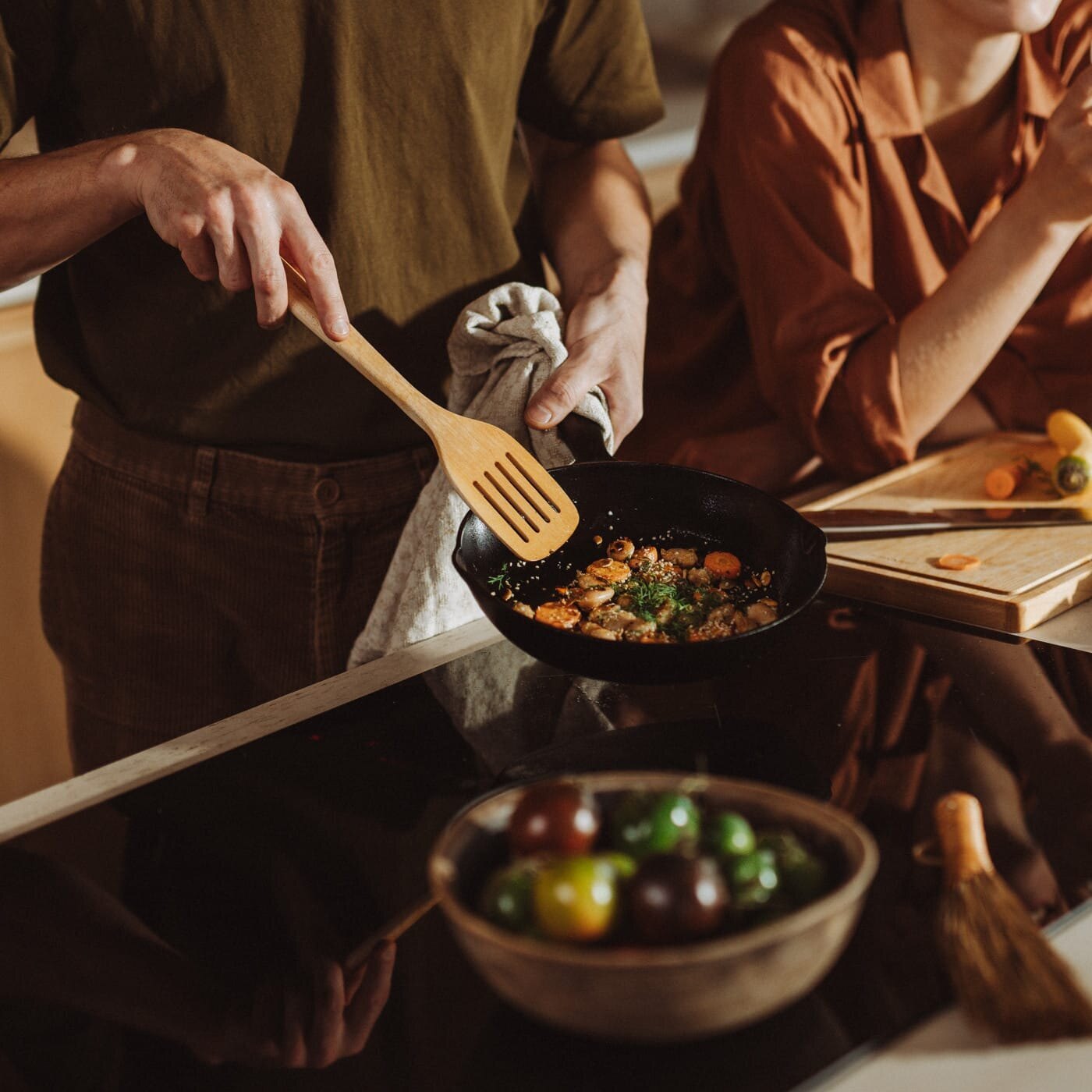 I stället för att dra på för fullt – värm upp pannan gradvis. De flesta stekpannor trivs bäst på medel till medelhög värme, inte på max. Då får du jämnare stekning och bättre kontroll.
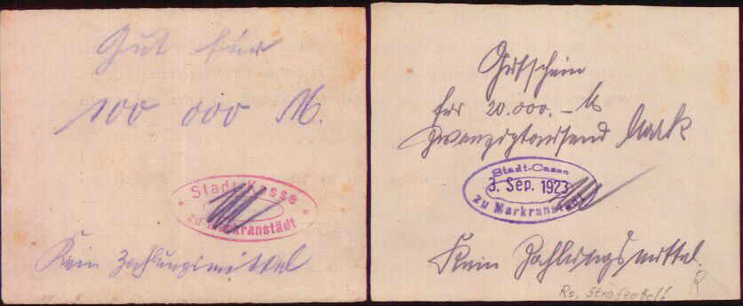 20.000,- Mark Markranstädt, 1923 Behauptet kein Zahlungsmittel
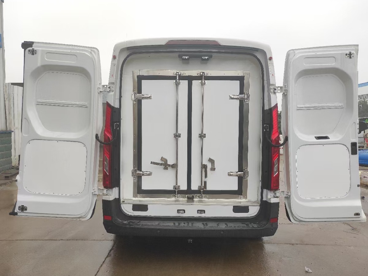 (2)廂板材質:內外壁板選用國內優(yōu)質玻璃鋼(不吸光、隔熱性好、硬度強、抗氧化);中間保溫層為XPS擠塑聚笨板;廂體厚度8CM。地板采用鋁花紋板,門邊條采用迷宮式橡膠密封條。
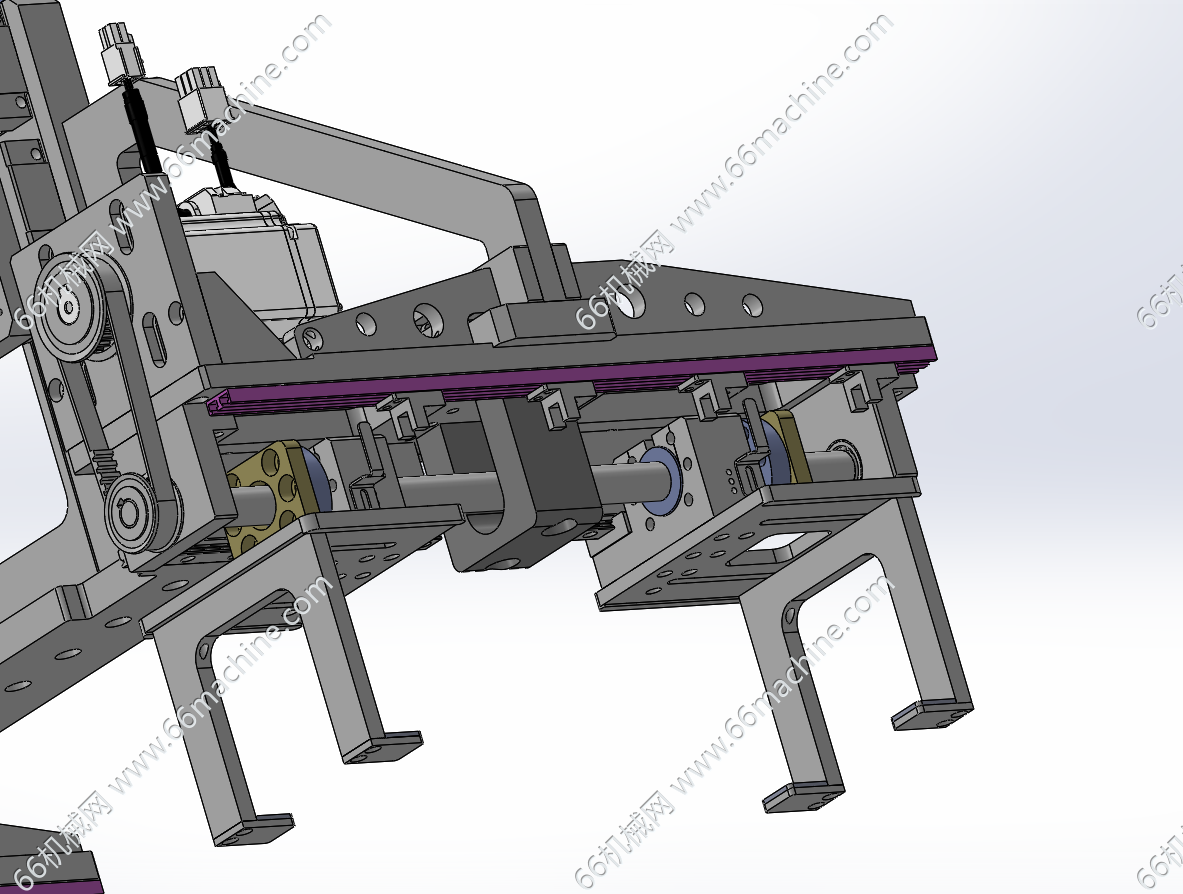本模型为基于正反丝杠的夹爪机构,是一种利用单根丝杠上加工有左旋和右旋两段螺纹(即正反丝杠),将电机的一个旋转运动转换为两个夹爪的同步、相向直线运动的机械装置。其核心特点是能够确保两个夹爪始终关于中心线对称移动,实现精准的对中夹持。
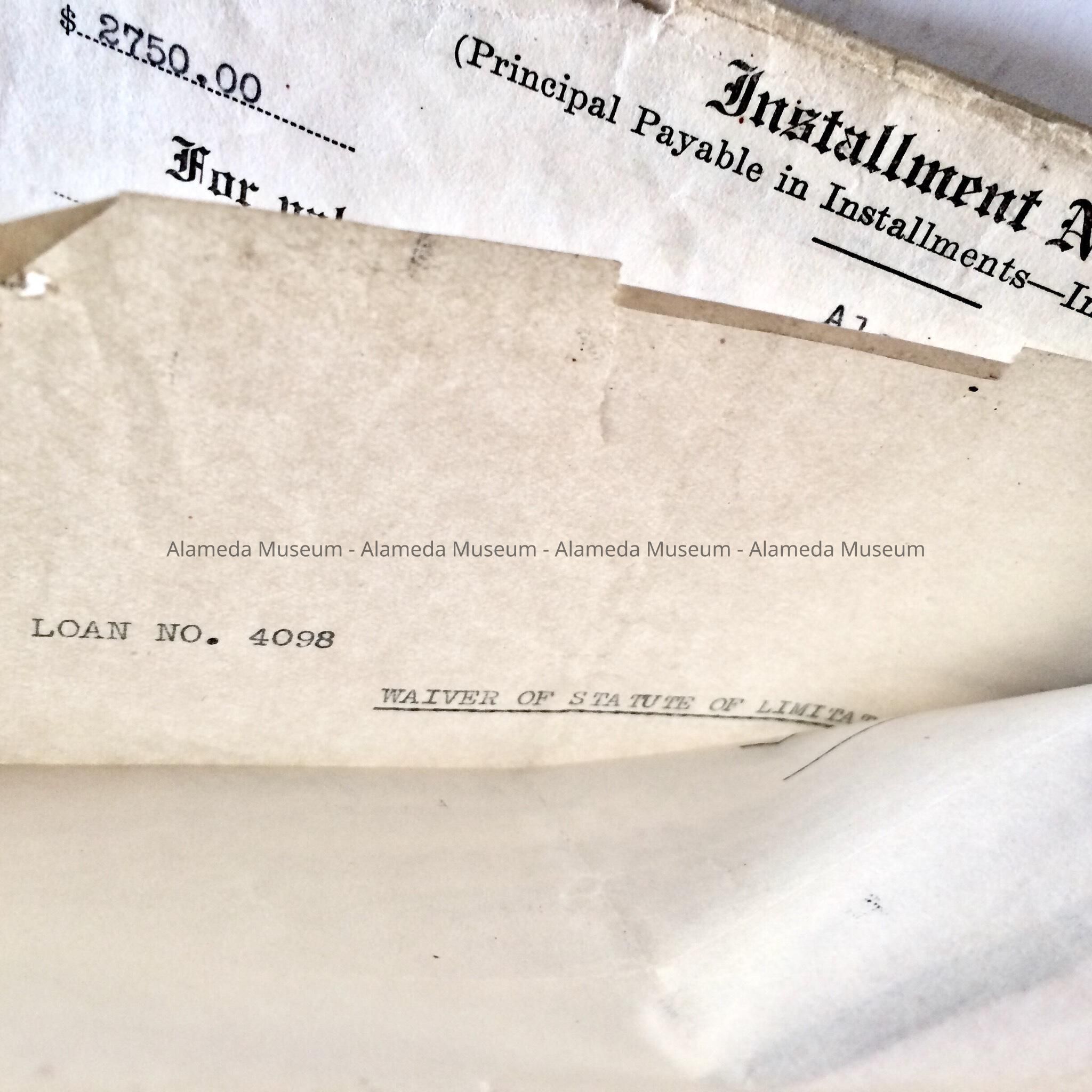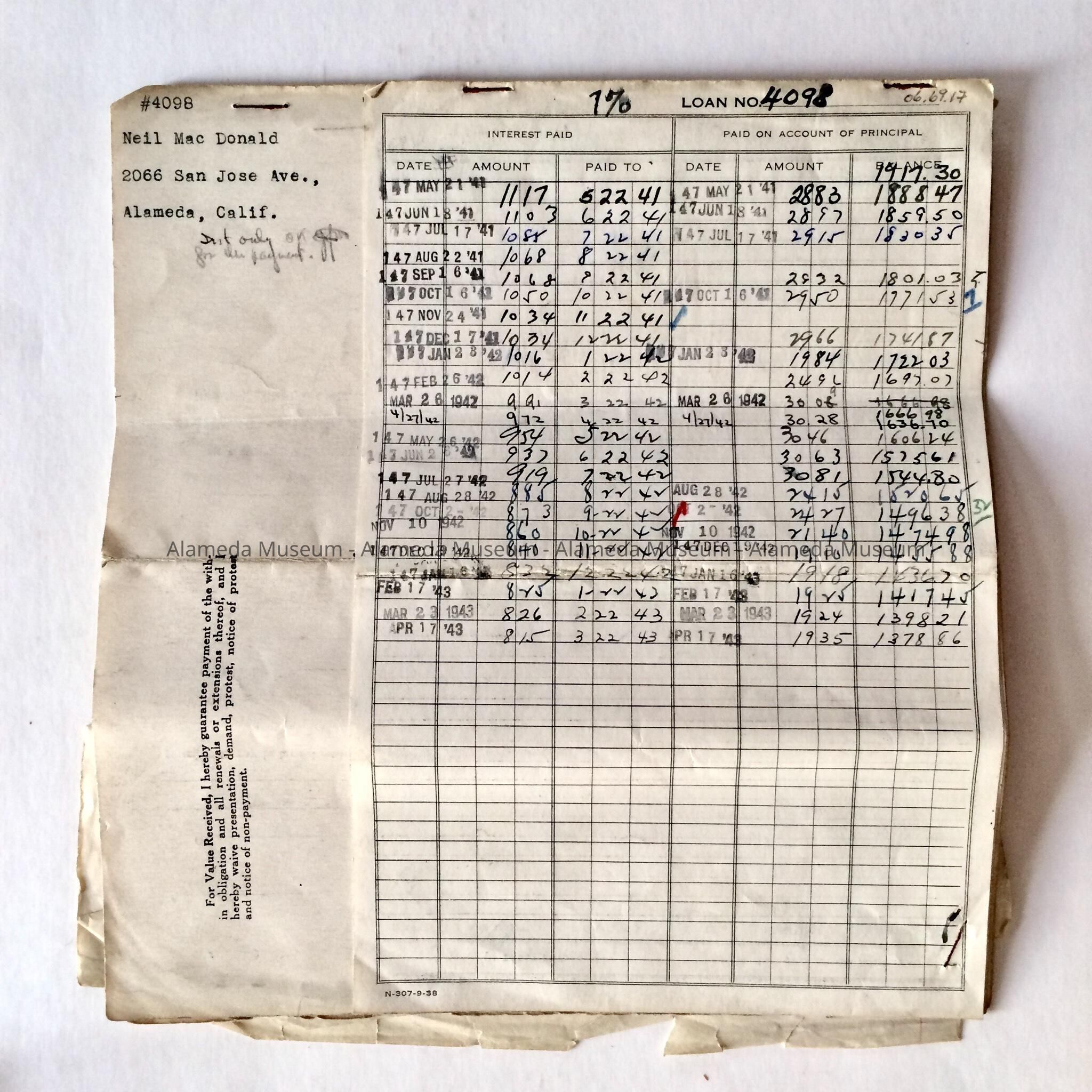 Form for Payment of loan on 2066 San Jose Avenue, c. 1940sEntry/Object ID

——————————

▶ _DESCRIPTION OF THE TASK_:
From the line that contains "20.000,- Mark Markranstädt, 1923" to the last line of the data above, inclusive, transcribe every line exactly and only those lines, omitting pictures.

▶ _SOLUTION FOR THIS TASK_:
 20.000,- Mark Markranstädt, 1923 Behauptet kein Zahlungsmittel
 (2)廂板材質:內外壁板選用國內優(yōu)質玻璃鋼(不吸光、隔熱性好、硬度強、抗氧化);中間保溫層為XPS擠塑聚笨板;廂體厚度8CM。地板采用鋁花紋板,門邊條采用迷宮式橡膠密封條。
本模型为基于正反丝杠的夹爪机构,是一种利用单根丝杠上加工有左旋和右旋两段螺纹(即正反丝杠),将电机的一个旋转运动转换为两个夹爪的同步、相向直线运动的机械装置。其核心特点是能够确保两个夹爪始终关于中心线对称移动,实现精准的对中夹持。
 Form for Payment of loan on 2066 San Jose Avenue, c. 1940sEntry/Object ID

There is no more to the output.